Taking our ZF protein targeting sequence 5’-GAAGGGGGGGTA-3' as an example, we
(1) input it into the software, which will output several ZFs with different scores.
(2) select the ZF with the highest score, which is the ZF with the predicted best targeting specificity of 3-bp for each recognition site.
(3) incorporate them into the ZF protein to give a complete ZF protein sequence.
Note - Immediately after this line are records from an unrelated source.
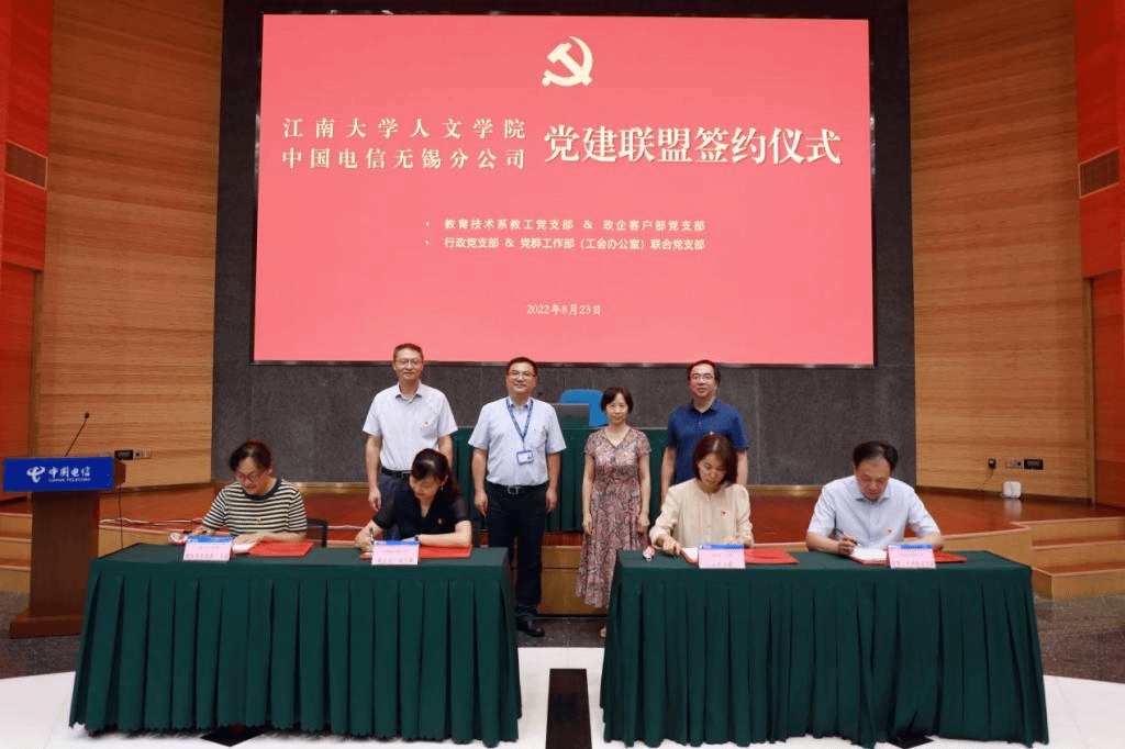 签约仪式上,人文学院行政党支部书记胡智丹与中国电信无锡分公司党群工作部(党委办公室)党支部书记、主任商杰签署党建联盟协议,教育技术系党支部书记王萌与政企客户部党支部书记、主任高芳签署党建联盟协议。四位党支部书记从党员“联学”、品牌“联创”、资源“联享”、服务“联动”四个方面,就开展结对共建活动的意义与具体思路进行了交流探讨。
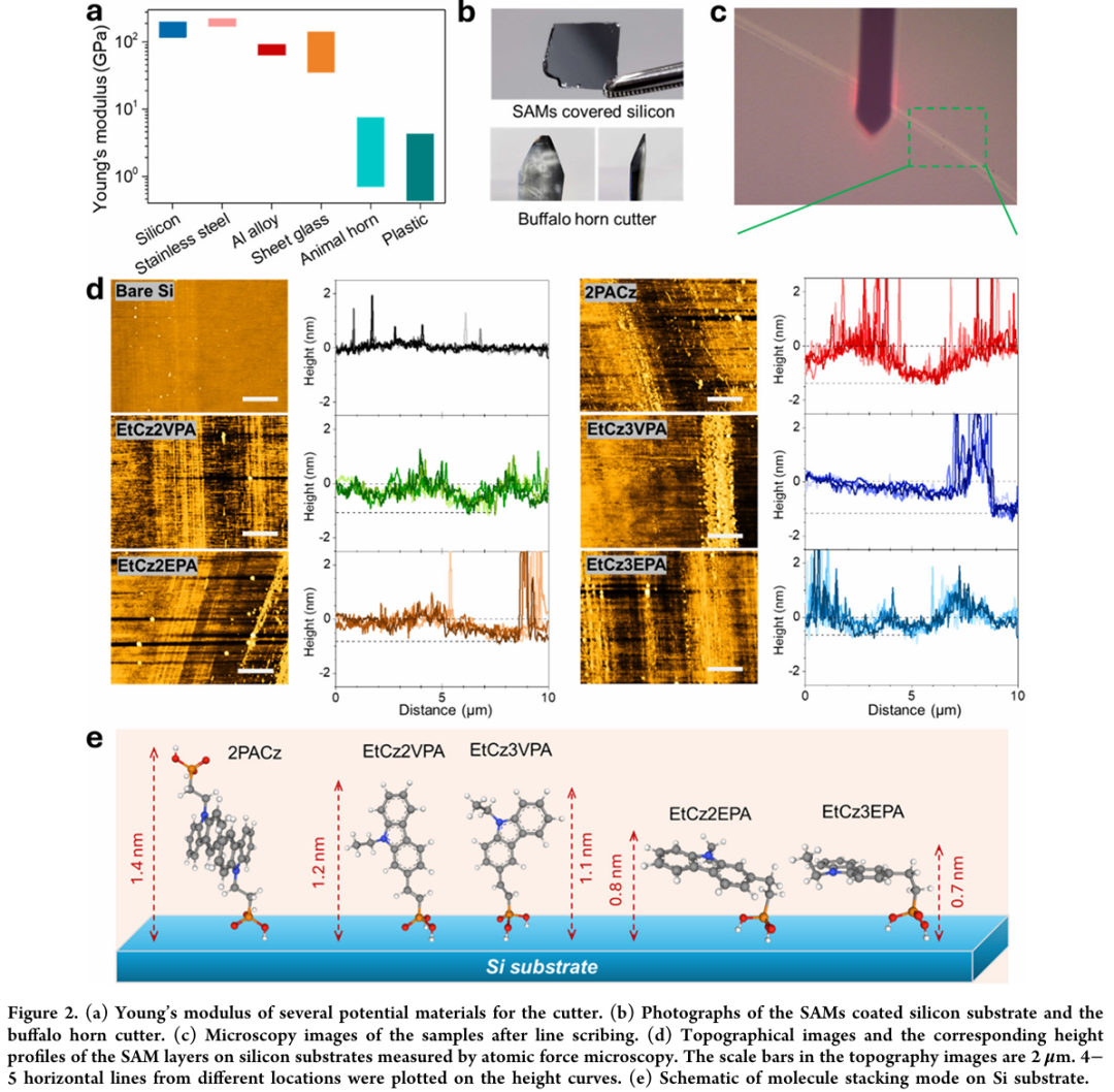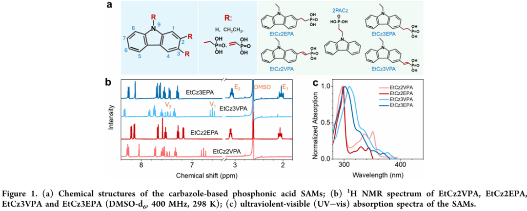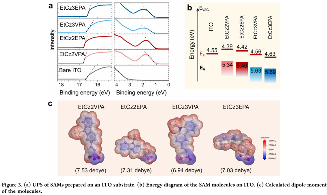 - 分子构型精准调控:通过将磷酸基团置于咔唑环的2位或3位,结合乙基/乙烯基连接基,实现了SAMs在基底上的面朝上或边朝上取向控制,乙基连接促进面朝上排列,形成更薄且更稳定的单分子层。
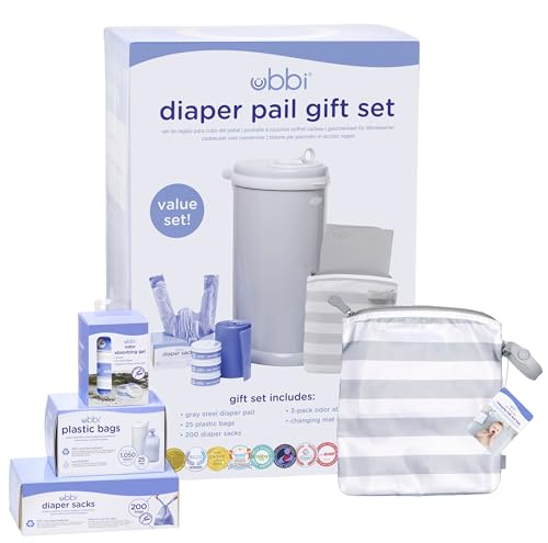 Ubbi Diaper Changing Value Set, Odor Locking Modern Design Baby Accessory Must Have Set Includes Grey Diaper Pail, Diaper Sacks, Odor Absorbing Gel, Travel Chaning Mat and Diaper Pail Waste Bags
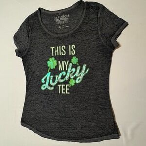 Rocker Girl Women's Black "Lucky Tee" Shirt With Green Shamrock Graphic Large
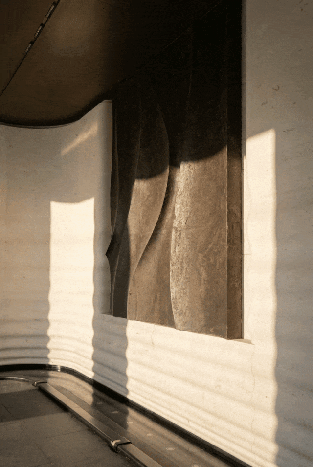 经过数轮推敲,选定的弧度在刚柔之间取得了精准平衡:以15毫米等差数列精密推导的弧线,最终成为立面语言中最具辨识度的精神符号,也是"揉石成缎"理念最生动的注脚。
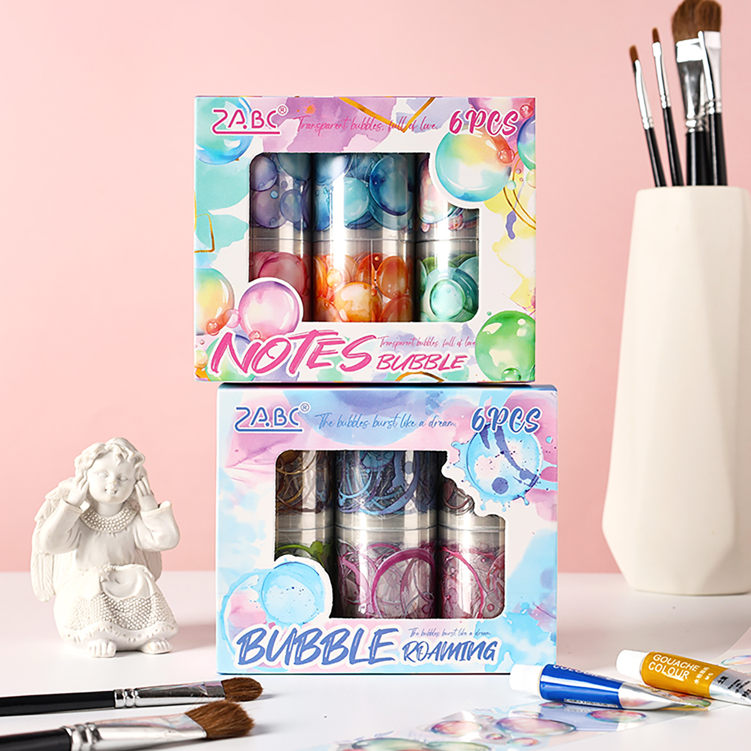 アクアファンタジーバブル透明防水ペットテープセットdiyハンドブック日記ステッカークロスボーダー水彩バブルサークルステッカー

The analysis results of the ZF protein used in our project:
Finger | Triplet | Helix |
---|---|---|
1 | GTA | QSSSLVR |
2 | GGG | RSDKLVR |
3 | GGG | RSDKLVR |
4 | GAA | QSSNLVR |
The amino acid sequence of the most suitable ZF protein is:
LEPGEKPYKCPECGKSFSQSSSLVRHQRTHTGEKPYKCPECGKSFSRSDKLVRHQRTHTGEKPYKCPECGKSFSRSDKLVRHQRTHTGEKPYKCPECGKSFSQSSNLVRHQRTHTGKKTS
Result
We have chosen three well-known SARS-CoV-2 variants: B.1.1.7 (α), B.1.351 (β), and B.1.617.2 (δ). We analyzed the reverse transcripts (double-stranded DNA) of novel coronavirus's genome and designed ZF proteins specifically targeting different mutants according to the mutation sites on its S gene. The results are shown as follows:
Original SARS-CoV-2
Target site:5' CAG GAT GTT AAC 3'
Predicted zinc fingers:
Finger | Triplet | Helix |
---|---|---|
1 | AAC | DSGNLRV |
2 | GGT | TSGSLVR |
3 | GAT | TSGNLVR |
4 | CAG | RADNLTE |
The amino acid sequence of the ZF protein is:
LEPGEKPYKCPECGKSFSDSGNLRVHQRTHTGEKPYKCPECGKSFSTSGSLVRHQRTHTGEKPYKCPECGKSFSTSGNLVRHQRTHTGEKPYKCPECGKSFSRADNLTEHQRTHTGKKTS
B.1.1.7
Target site:5' GTA GTA CAC CTT 3'
Predicted zinc fingers:
Finger | Triplet | Helix |
---|---|---|
1 | CTT | TTGALTE |
2 | CAC | SKKALTE |
3 | GTA | QSSSLVR |
4 | GTA | QSSSLVR |
The amino acid sequence of the ZF protein is:
LEPGEKPYKCPECGKSFSTTGALTEHQRTHTGEKPYKCPECGKSFSSKKALTEHQRTHTGEKPYKCPECGKSFSQSSSLVRHQRTHTGEKPYKCPECGKSFSQSSSLVRHQRTHTGKKTS
B.1.351
Target site:5' GGT AGC AAA CCT 3'
Predicted zinc fingers:
Finger | Triplet | Helix |
---|---|---|
1 | CTT | TKNSLTE |
2 | AAA | QRANLRA |
3 | AGC | ERSHLRE |
4 | GGT | TSGHLVR |
The amino acid sequence of the ZF protein is:
LEPGEKPYKCPECGKSFSTKNSLTEHQRTHTGEKPYKCPECGKSFSQRANLRAHQRTHTGEKPYKCPECGKSFSERSHLREHQRTHTGEKPYKCPECGKSFSTSGHLVRHQRTHTGKKTS
B.1.617.2
Target site:5' GGT GTT AAA GGT 3'
Predicted zinc fingers:
Finger | Triplet | Helix |
---|---|---|
1 | CTT | TKNSLTE |
2 | AAA | QRANLRA |
3 | AGC | ERSHLRE |
4 | GGT | TSGHLVR |
The amino acid sequence of the ZF protein is:
LEPGEKPYKCPECGKSFSTTGALTEHQRTHTGEKPYKCPECGKSFSSKKALTEHQRTHTGEKPYKCPECGKSFSQSSSLVRHQRTHTGEKPYKCPECGKSFSQSSSLVRHQRTHTGKKTS
Summary
In general, the design of this part is still designated to highlight the advantages of our project. If we want to improve our ability to promptly respond to the pandemic of the current SARS-CoV-2 or other pathogens, the developability of the detection methods is essential. Through such software, we can easily and quickly change the ZF protein sequence in the detection system to target suddenly emerged novel coronavirus strains. We can also quickly identify new novel coronavirus strains prevalent in a specific area and complete the mastery of COVID-19 epidemic information in a short time.